AVAILABLE RECORDS
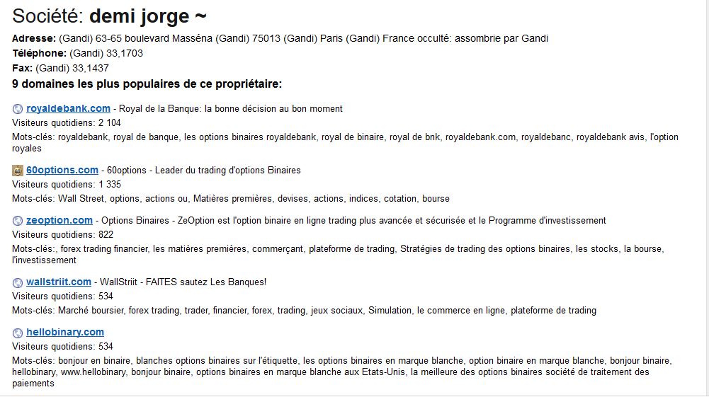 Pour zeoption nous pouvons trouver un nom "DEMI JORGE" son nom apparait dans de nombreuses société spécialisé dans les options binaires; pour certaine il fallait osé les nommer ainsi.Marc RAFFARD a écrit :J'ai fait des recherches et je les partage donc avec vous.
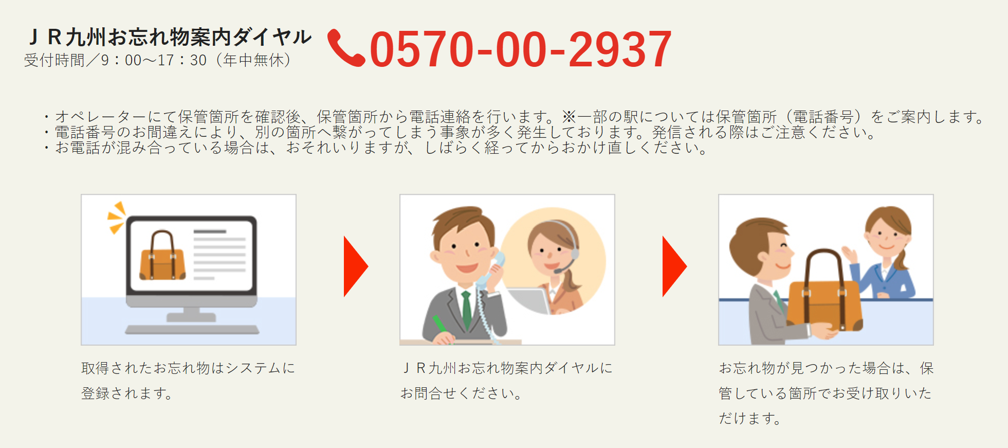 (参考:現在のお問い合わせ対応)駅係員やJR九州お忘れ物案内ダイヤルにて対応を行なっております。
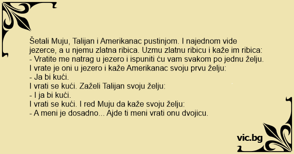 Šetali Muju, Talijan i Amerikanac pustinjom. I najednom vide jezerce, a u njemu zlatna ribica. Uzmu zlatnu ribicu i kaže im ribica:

--

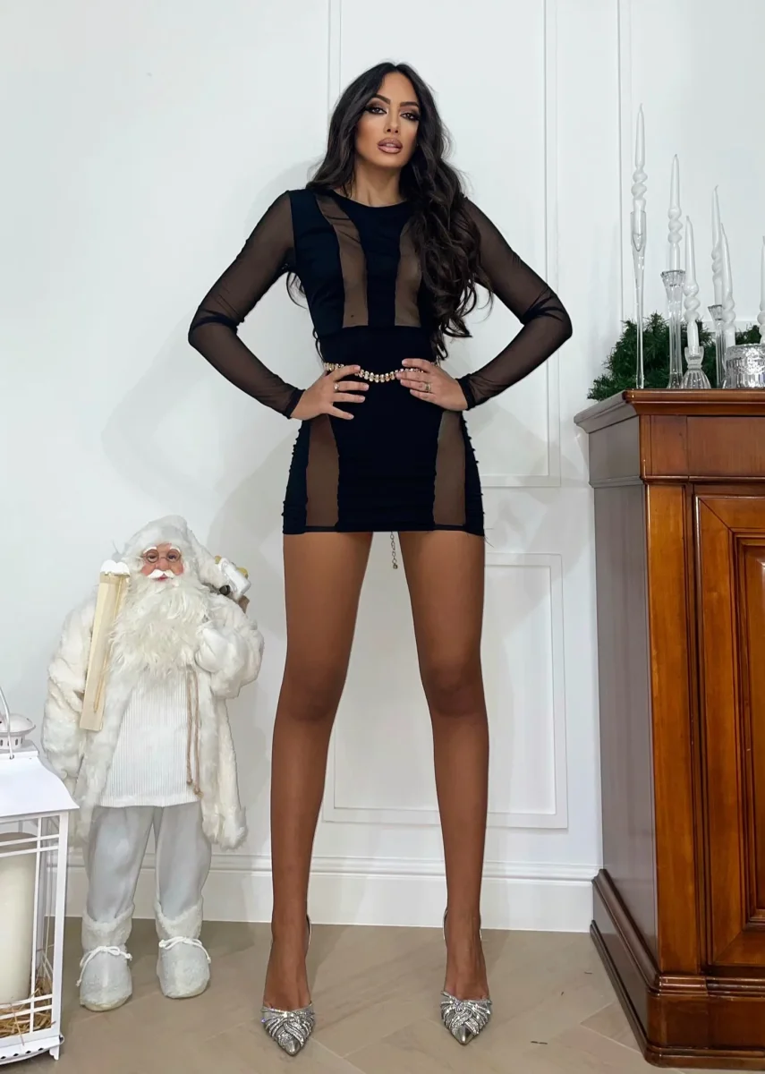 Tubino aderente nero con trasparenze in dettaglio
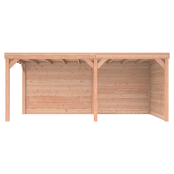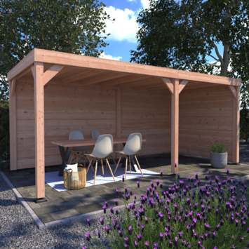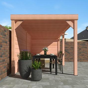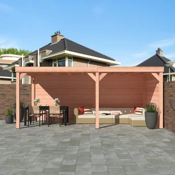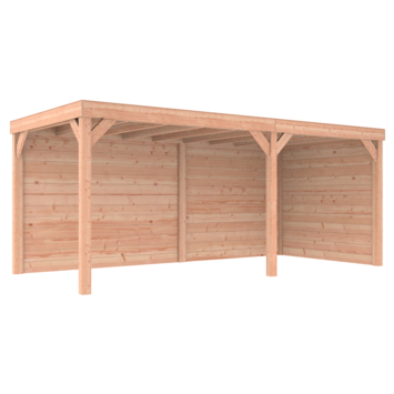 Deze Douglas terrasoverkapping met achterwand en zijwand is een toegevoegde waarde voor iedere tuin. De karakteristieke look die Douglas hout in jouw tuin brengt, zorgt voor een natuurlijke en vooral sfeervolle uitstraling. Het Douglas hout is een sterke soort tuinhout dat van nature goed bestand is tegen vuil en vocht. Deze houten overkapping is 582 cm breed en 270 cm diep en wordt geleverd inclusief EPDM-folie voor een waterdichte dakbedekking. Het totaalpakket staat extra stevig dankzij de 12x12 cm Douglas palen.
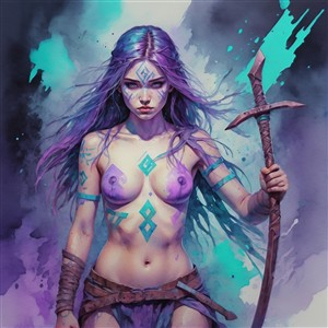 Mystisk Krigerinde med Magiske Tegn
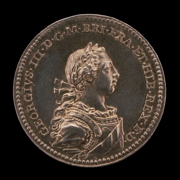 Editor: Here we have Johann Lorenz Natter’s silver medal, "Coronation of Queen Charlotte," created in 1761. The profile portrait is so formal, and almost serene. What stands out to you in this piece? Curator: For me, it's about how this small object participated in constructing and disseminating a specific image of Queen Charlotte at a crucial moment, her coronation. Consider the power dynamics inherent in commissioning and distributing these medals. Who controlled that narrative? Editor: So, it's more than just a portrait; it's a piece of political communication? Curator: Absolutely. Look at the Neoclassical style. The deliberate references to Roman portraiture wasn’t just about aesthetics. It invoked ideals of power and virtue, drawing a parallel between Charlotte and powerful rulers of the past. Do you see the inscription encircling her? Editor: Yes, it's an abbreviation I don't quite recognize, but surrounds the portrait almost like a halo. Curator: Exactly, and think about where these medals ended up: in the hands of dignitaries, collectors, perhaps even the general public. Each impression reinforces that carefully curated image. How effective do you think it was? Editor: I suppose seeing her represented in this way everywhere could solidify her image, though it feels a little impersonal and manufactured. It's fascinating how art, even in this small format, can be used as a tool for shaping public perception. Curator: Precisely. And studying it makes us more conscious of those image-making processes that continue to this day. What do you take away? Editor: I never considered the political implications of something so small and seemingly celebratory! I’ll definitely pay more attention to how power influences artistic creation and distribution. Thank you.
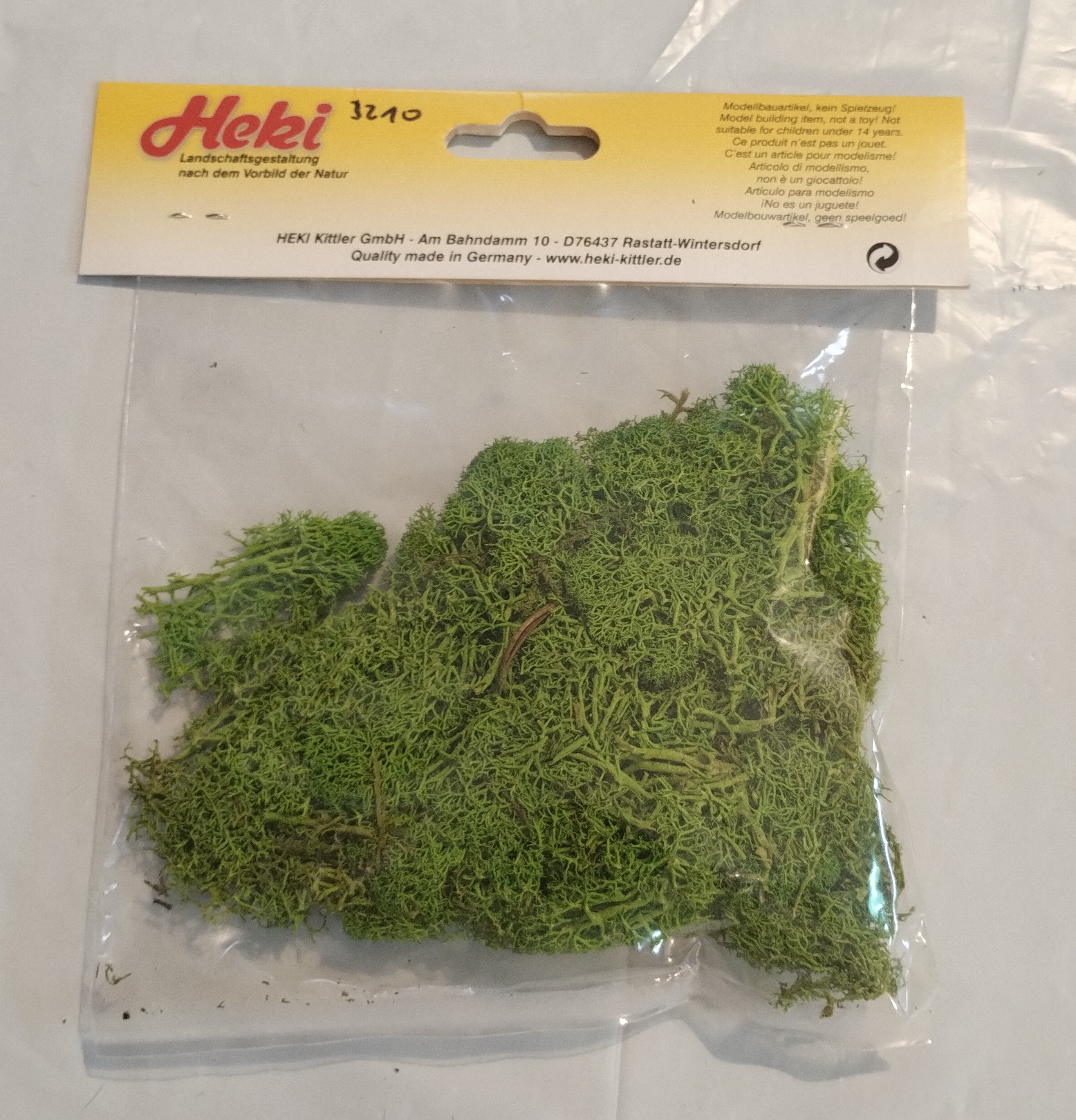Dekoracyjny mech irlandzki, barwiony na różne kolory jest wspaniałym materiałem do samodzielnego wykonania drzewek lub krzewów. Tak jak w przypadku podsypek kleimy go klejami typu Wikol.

--

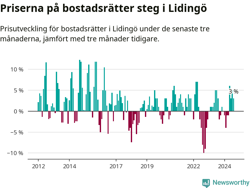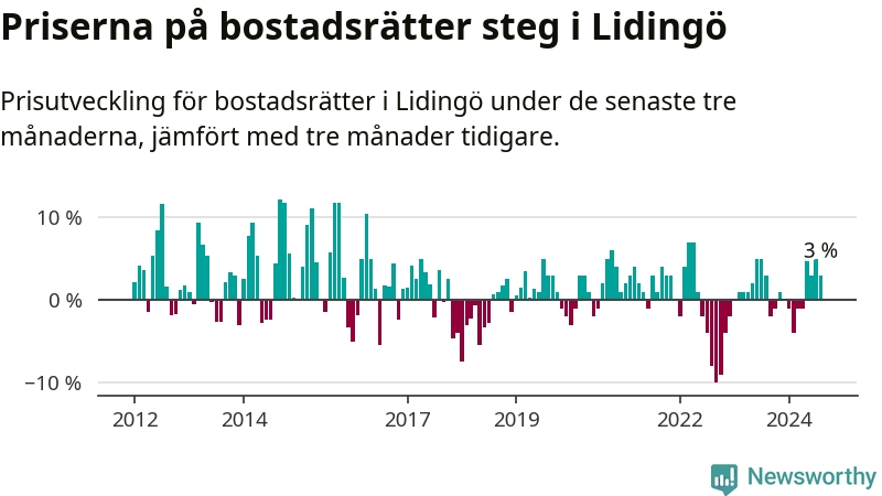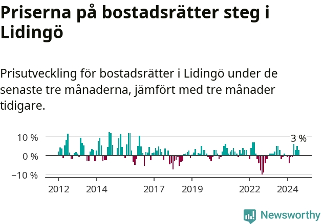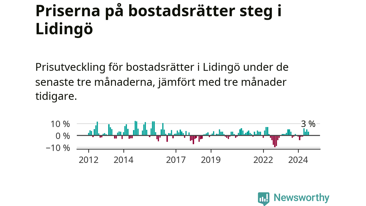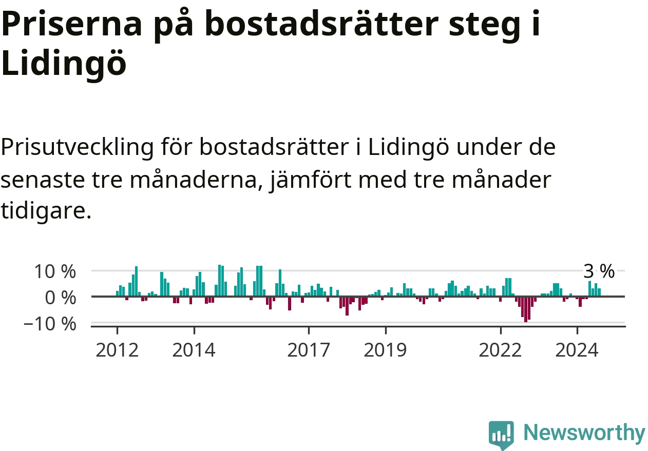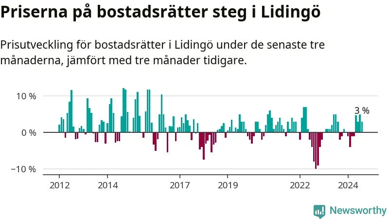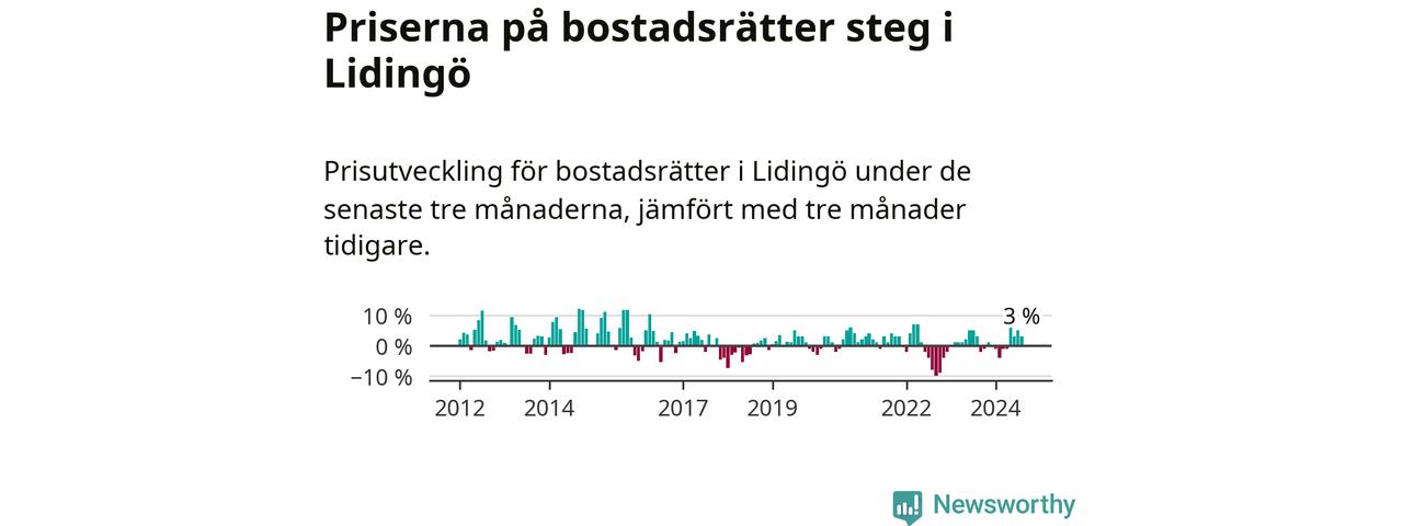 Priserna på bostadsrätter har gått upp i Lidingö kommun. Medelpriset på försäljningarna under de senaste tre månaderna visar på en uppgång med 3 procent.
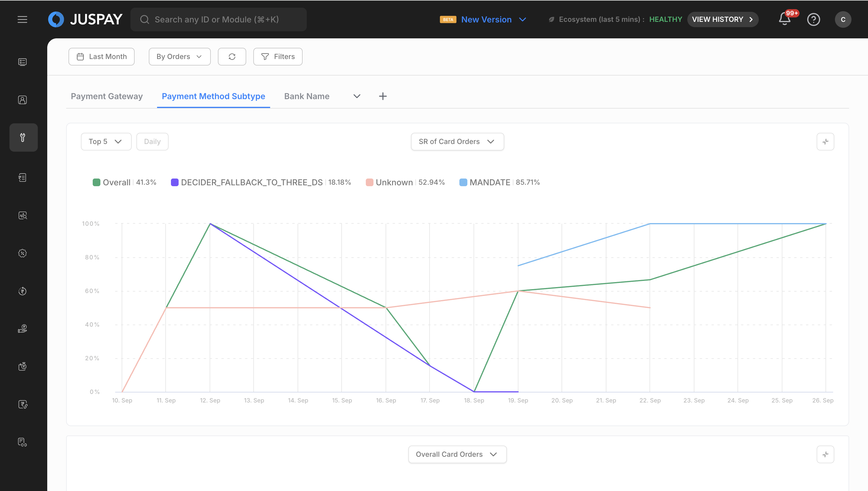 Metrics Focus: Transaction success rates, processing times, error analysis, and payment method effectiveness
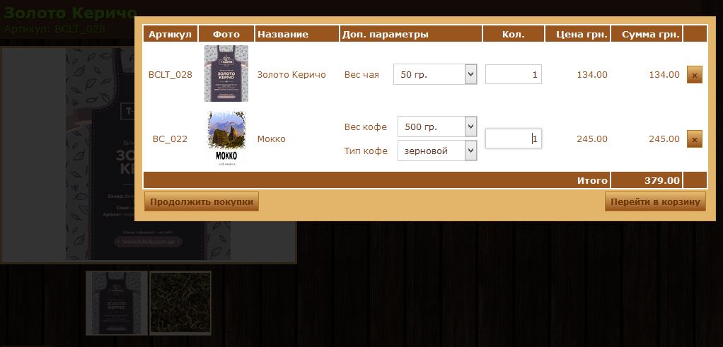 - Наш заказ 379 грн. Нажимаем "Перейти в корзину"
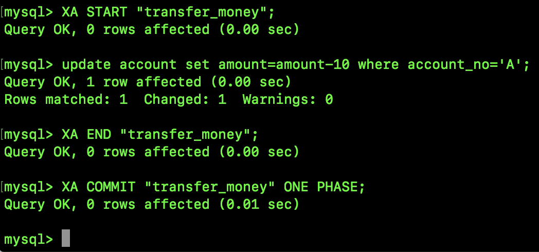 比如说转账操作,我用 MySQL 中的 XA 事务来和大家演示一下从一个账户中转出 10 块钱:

WHAT IS EXPECTED
An exact copy of the lines above from the one with "Metrics Focus: Transaction" up to and including the one with "比如说转账操作,我用 MySQL 中的" is required; reproduce only those lines, omitting all pictures.

RESULT OF THIS TASK
 Metrics Focus: Transaction success rates, processing times, error analysis, and payment method effectiveness
 - Наш заказ 379 грн. Нажимаем "Перейти в корзину"
 比如说转账操作,我用 MySQL 中的 XA 事务来和大家演示一下从一个账户中转出 10 块钱:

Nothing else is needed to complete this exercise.